FREETOWN (AFP) — Sierra Leone’s new leader, President Ernest Bai Koroma, on Friday declared that the war-scarred country has turned a page on its bloody past and is headed for economic growth again.
“A new era of peace, security stability and social economic progress has come to our country,” he said in his first ever address to the nation since taking office three weeks ago.
He made the address during the first session of the country’s 124-strong parliament in the capital.
“Never again shall we turn against each other to spill the precious blood of our brothers, sisters and children as a new dawn has broken on the horizon of our nation, bringing forth a new Sierra Leone where there are no ethnic or regional boundaries,” he added.
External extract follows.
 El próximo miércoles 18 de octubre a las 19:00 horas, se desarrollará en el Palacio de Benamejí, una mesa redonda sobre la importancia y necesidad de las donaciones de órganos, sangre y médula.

“I am in politics to make a difference,” said the leader of the All People’s Congress (APC), which had been in opposition but narrowly became the largest parliamentary party in August polls.
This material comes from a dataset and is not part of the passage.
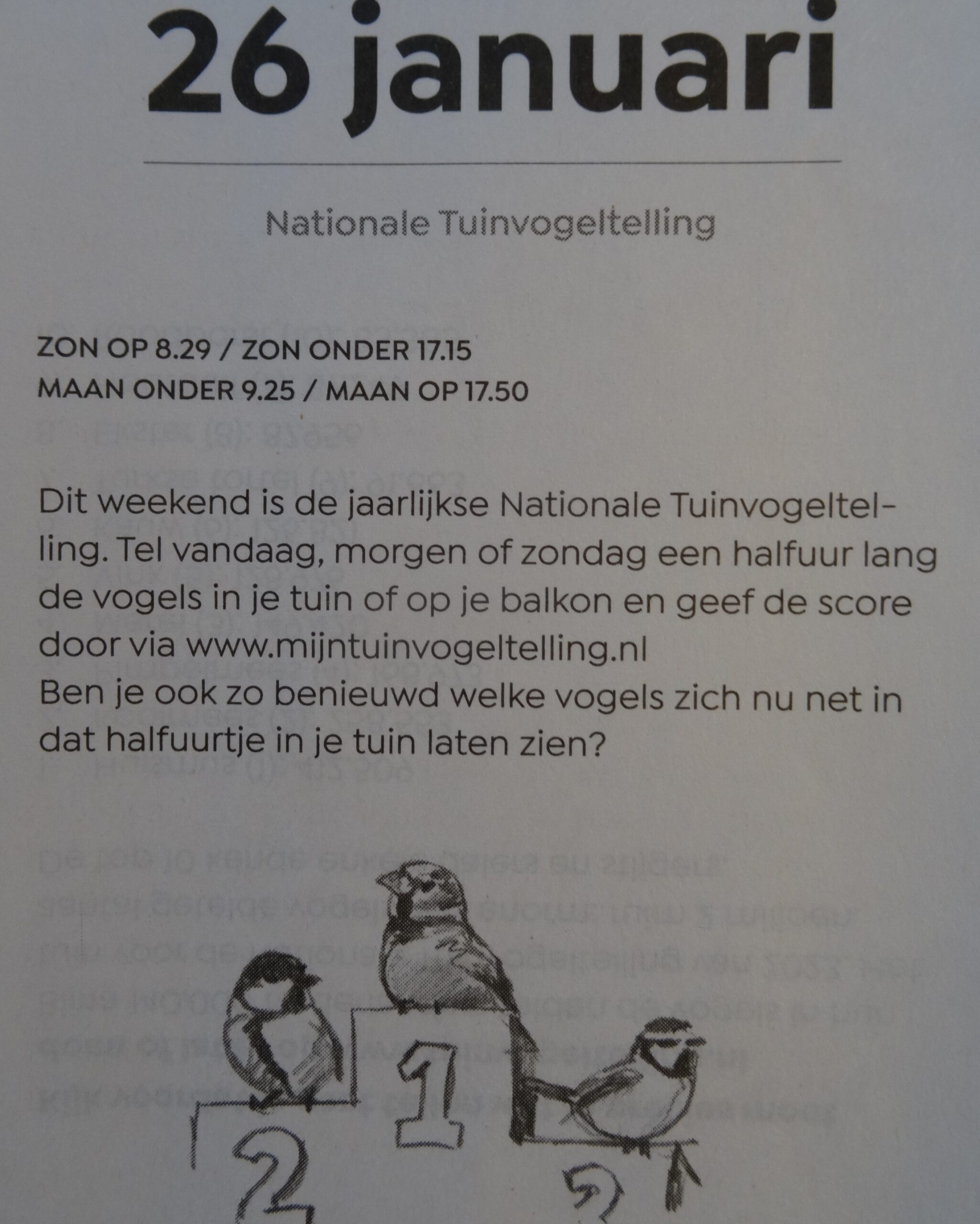 Het kon gisteren al, maar vandaag of morgen (zondag) kan het ook nog, d.w.z. de vogels in je tuin of op je balkon tellen.

Koroma went on last month to win closely watched elections seen as a test of whether the former British colony had put the violence of its 1991-2001 civil conflict behind it.
The war, funded by blood diamonds and considered one of the most brutal in modern history, left around 120,000 people dead and thousands more mutilated and traumatised.
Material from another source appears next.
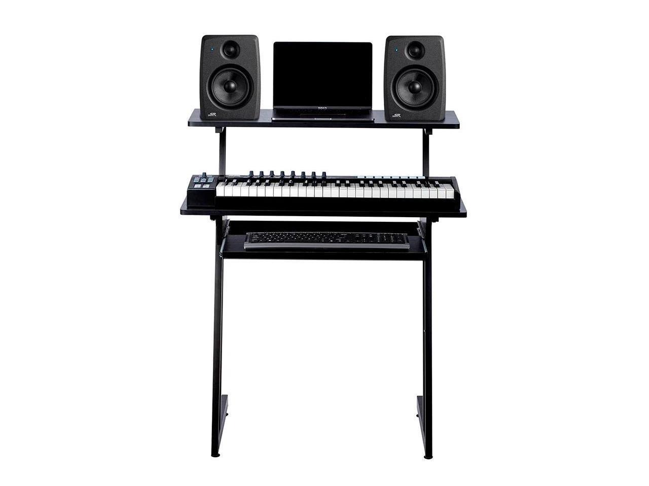 Monoprice Recording Studio Desk with Raised Platform and Keyboard Tray, Studio Workstation, Stable & Lightweight, For Home Studio - Stage Right Series

To foster post-conflict reconciliation, Koroma said the recommendations of a truth and reconciliation commission (TRC) created under his predecessor after the war would be applied.
The TRC report has gathered dust on the shelves of the former government since it was handed over to ex-president Ahmad Tejan Kabbah on October 5, 2004.
“There is a need to put more impetus behind the process of reconciliation and to provide the appropriate mechanism for the spirit of reconciliation to continue to flourish,” Koroma stressed.
Lawmakers attired in their party colours brightened the atmosphere at the ceremony with both government and opposition legislators clapping lustily and raising clenched fists in support of Koroma’s speech.
In parliament’s forecourt, hundreds of party supporters from the ruling APC, the former governing Sierra Leone People’s Party and the opposition People’s Movement for Democratic Change, hobnobbed, carrying placards reading “a new dawn is here”.
Koroma vowed to root out widespread corruption in Sierra Leone, which is rated the world’s second poorest nation despite its huge diamond wealth.
He said the country’s anti-corruption law of 2002 will come under review make the anti-graft task force more effective and independent.
Alleged cases of corrupt practices by public servants would be a subject for investigation and prosecution, he said.
“The culture of impunity that has taken root in Sierra Leone will be eliminated,” he said.
To promote transparency and accountability, he ordered that all public officials including himself would be required to declare their assets.
He pledged an economic turnaround within the next three years.
Koroma warned that in a “new Sierra Leone where we will work harder than before”, civil servants should separate their work from politics and will no longer be allowed in political activities under his administration.
He pledged that his government will cooperate with international agencies fighting to stamp out the trafficking of arms, drugs and people, in his desire to promote the rule of law.